Semiconductor Device and Power Semiconductor System Including the Same

This application claims priority to and the benefit of Korean Patent Application No. 10-2024-0040469 filed in the Korean Intellectual Property Office on Mar. 25, 2024, the entire contents of which are incorporated herein by reference.

Various example embodiments relate, in general, to a semiconductor device and/or a power semiconductor system including the same.

Power devices are used to handle a high voltage and/or a high current, and may perform power conversion and control, etc., in large power systems or high-power electronic devices. The power devices have the ability and durability to handle high power, so they may handle large amounts of current and withstand high voltage.

Most power devices are a silicon (Si)-based power metal-oxide-semiconductor field-effect transistor (MOSFET) or an insulated gate bipolar transistor (IGBT). However, due to limitations in the physical properties of silicon, limitations in the manufacturing process, and the like, it is becoming difficult to increase the efficiency of the silicon-based power devices.

In this regard, a high electron mobility transistor (HEMT) using a heterojunction structure of compound semiconductors are attracting attention.

GaN HEMT devices require or often have high costs, but are efficient in terms of speed and may be suitable for high-speed charging of mobile devices.

Various example embodiments attempt to provide a power device capable of being resistant to or less impacted from surge.

According to some example embodiments, a semiconductor device includes a high electron mobility transistor including a gate configured to receive a gate signal, a drain connected to a first terminal, and a source connected to a second terminal, and a surge protection circuit configured to change an output capacitance of the high electron mobility transistor based on a voltage between the drain and the source.
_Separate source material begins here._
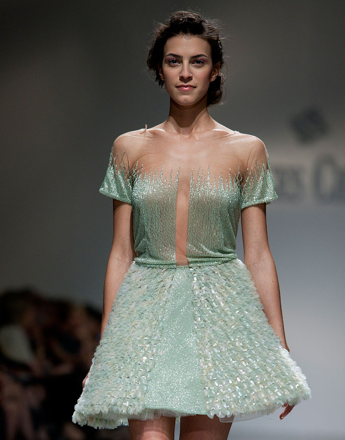 هادئة منظمة، هي تصاميم المصمم جاك كيسّو الرقيقة التي أدهشت الموسم بقصات ناعمة وانسيابية، وألوان مأخوذة من سحر الموسم وجماليته، لتنسج من ألوان قوس القزح لغة غزلية خاصة اتسمت بالأناقة والرقي، فتركت نسمات ربيعية في فضاءات روما التي استقبلت عرض المصمم ضمن أسبوع الموضة في العاصمة الايطالية لأزياء الهوت كوتور. المجموعة التي خصصت لموسم ربيع وصيف 2012، راعى فيها المصمم جاك كيسو فنون التصميم المنظم، عبر إستلهام الزاوية من المثلث الهندسي، لتدخل في نسيج الفساتين على شكل زينة وتطريز من روح الفستان نفسه، ورُسم بطريقة راقية وفاتنة في مواقع مختلفة من الفساتين، تراوحت بين الأكتاف والخصر والصدر، وهي تقنية فريدة، تضفي على الفساتين طابعاً فريداً... كما راعى المصمم جاك كيسو فنون التطريز المبتكرة، مبتعداً عن فنون التطريز التقليدي المتمثل بالأحجار الكريمة والكريستال، متجهاً الى التطريز الناعم والرقيق الذي ولد من روح القماش نفسه نافراً بأشكال صغيرة، مثل ورود ربيعية وأوراق شجر ربيعي رهيف. وبدت المجموعة منسجمة ببعدين فنيين أساسيين: وحدة الموديل، حيث طغت قصّة حورية البحر على التصاميم، من خلال التصاقها بالجسم، وضيقها في الأعلى واتساعها بطريقة انسيابية في الأسفل. ويمكن وصف القصّات بأنها مثيرة، اذ اتسمت بجرأة راقية تبرز التفاصيل الأنثوية في جسم المرأة، وتلفت الأنظار الى سحر مشرق من ثنايا التصاميم. أما البعد الثاني فيتمثل بنوع القماش حيث طغى قماش التول على مجمل التصاميم، من غير أن يكون هو القماش الوحيد المستخدم. وبرز التول ساحراً ومختلفاً من خلال التطريز الذي شغل مكانته بطريقة مبتكرة، متميزاً هذا القماش بلمعيته الخفيفة، ورقيّه في التعبير عن انوثة المرأة وأناقتها. خرج المصمم جاك كيسو بفستانا الزفاف من التصميم التقليدي، حيث خليا من التطريز البرّاق، واتسما بتطريز طبيعي بسيط يلاقي الربيع برقته وعذوبيته، ولا يمكن الا القول انهما مأخوذان من عالم الأساطير الجمالية، ويلاقيا مختلف فساتين المجموعة على مروحة من الألوان الحالمة تحاور بجماليتها قوس القزح. |

Alternatively or additionally according to various example embodiments, a power semiconductor device includes a high electron mobility transistor including a channel layer, a barrier layer on the channel layer and including a material having an energy band gap different from that of the channel layer, a gate electrode on the barrier layer, a gate semiconductor layer between the barrier layer and the gate electrode, and a source electrode on one side of and a drain electrode on another side of the gate electrode and the source and drain electrode connected to the channel layer; a first capacitor including a first electrode on a first protective layer on the barrier layer, a second protective layer on the first electrode, and a second electrode on the second protective layer; and a first transistor connecting the first capacitor between the drain electrode and the source electrode, the first transistor connecting the first capacitor based on a voltage between the drain electrode and the source electrode.

Alternatively or additionally according to various example embodiments, a power semiconductor system includes a switch controller configured to receive a first driving voltage, a second driving voltage, and a control signal, and to output a gate signal based on the first driving voltage, the second driving voltage, and the control signal, and a power block including a high electron mobility transistor connected between a first power supply voltage and a second power supply voltage configured to be at a level lower than the first power supply voltage, and configured to receive the gate signal as an input and a surge protection circuit connected between a source and a drain of the high electron mobility transistor, and configured to control an output capacitance of the high electron mobility transistor.

In the following detailed description, only some example embodiments of have been shown and described, simply by way of illustration. As those of ordinary skill in the art may realize, the described example embodiments may be modified in various different ways, all without departing from the spirit or scope of the present disclosure. Accordingly, the drawings and description are to be regarded as illustrative in nature and not restrictive. Like reference numerals designate like elements throughout the specification. In the flow charts described with reference to the drawings, the order of operations may be changed, and several operations may be combined, and an operation may be divided, and some operations may not be performed.

Portions unrelated to the description will be omitted in order to obviously describe the present disclosure, and similar components will be denoted by the same reference numerals throughout.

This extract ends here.